:: Requirement ::
The output must consist only of the lines from the one with "Kapüşonlu Fermuar Detaylı" through the end of the listing, restated exactly and free of pictures.

:: Available data ::
══════
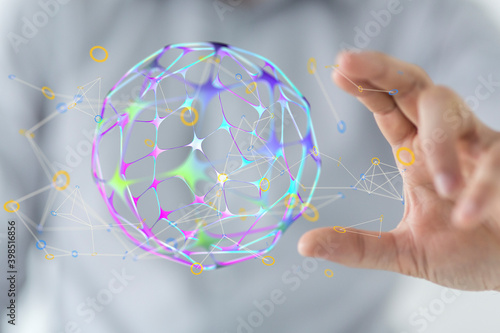 Global network. Blockchain. 3D illustration. Neural networks and artificial intelligence. Abstract
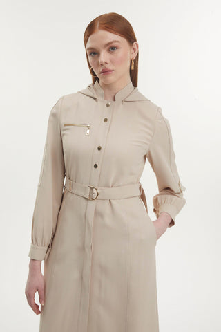 Kapüşonlu Fermuar Detaylı Kuşaklı Bej Pardesü 13785
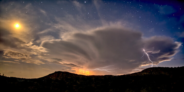 An isolated storm cell near Chino Valley being lit by the Moonlight during the summer monsoon season, Arizona
══════
:: Response area ::
 Kapüşonlu Fermuar Detaylı Kuşaklı Bej Pardesü 13785
 An isolated storm cell near Chino Valley being lit by the Moonlight during the summer monsoon season, Arizona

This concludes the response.